(Records drawn from a dataset)
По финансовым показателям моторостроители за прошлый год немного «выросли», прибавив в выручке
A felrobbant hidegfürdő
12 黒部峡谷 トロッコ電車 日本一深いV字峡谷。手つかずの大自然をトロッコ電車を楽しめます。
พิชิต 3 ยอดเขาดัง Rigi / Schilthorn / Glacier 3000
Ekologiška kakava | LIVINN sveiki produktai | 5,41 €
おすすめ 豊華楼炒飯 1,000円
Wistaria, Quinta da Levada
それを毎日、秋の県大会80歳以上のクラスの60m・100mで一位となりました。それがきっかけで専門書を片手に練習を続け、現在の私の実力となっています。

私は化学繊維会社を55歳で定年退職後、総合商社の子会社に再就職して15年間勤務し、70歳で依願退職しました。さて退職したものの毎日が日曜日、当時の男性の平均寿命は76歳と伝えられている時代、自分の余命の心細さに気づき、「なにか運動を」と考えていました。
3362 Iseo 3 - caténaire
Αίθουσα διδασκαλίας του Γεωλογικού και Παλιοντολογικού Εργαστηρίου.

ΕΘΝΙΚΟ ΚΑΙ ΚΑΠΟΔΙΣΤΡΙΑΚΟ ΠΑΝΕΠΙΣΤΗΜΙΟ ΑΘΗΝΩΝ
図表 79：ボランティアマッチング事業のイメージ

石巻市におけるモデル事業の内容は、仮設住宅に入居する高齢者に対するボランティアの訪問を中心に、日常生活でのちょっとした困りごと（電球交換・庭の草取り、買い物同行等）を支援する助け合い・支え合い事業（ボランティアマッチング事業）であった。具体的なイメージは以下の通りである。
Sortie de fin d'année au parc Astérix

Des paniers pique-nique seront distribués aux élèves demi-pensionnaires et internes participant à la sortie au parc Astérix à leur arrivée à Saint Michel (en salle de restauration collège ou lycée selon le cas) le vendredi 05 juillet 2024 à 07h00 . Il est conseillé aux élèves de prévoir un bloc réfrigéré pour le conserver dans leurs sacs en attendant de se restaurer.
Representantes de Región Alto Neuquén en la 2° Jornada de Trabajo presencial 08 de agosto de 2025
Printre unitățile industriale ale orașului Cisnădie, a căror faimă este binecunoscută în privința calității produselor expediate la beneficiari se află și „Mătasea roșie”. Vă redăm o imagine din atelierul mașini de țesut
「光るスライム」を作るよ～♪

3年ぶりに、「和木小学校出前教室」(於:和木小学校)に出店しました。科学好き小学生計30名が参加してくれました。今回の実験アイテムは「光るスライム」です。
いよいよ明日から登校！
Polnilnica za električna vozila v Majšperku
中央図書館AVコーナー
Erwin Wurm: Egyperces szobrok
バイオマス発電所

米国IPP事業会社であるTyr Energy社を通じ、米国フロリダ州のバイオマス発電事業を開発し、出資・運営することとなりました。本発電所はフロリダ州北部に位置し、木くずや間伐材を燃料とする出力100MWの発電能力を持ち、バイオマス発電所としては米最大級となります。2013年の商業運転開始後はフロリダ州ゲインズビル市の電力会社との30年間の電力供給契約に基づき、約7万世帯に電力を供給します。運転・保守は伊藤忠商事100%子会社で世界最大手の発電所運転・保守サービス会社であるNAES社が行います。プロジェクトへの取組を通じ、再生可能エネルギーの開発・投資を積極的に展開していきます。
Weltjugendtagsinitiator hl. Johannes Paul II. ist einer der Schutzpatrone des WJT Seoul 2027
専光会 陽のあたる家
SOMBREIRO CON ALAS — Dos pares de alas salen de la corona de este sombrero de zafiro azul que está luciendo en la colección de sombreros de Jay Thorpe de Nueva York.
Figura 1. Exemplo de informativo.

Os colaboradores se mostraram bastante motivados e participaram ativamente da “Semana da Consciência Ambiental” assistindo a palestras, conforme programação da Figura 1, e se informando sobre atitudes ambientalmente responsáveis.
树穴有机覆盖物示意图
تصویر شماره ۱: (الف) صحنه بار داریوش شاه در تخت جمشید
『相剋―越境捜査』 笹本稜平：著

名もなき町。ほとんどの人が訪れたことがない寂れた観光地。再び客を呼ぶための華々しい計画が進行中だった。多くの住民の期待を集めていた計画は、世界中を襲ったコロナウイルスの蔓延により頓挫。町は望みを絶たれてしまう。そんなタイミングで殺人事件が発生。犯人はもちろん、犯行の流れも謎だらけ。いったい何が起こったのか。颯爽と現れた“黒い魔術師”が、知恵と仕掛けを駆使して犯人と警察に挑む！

• [WHAT YOU ARE ASKED TO DO]:
Report how many lines above hold "este", number only.

• [EXERCISE OUTPUT]:
2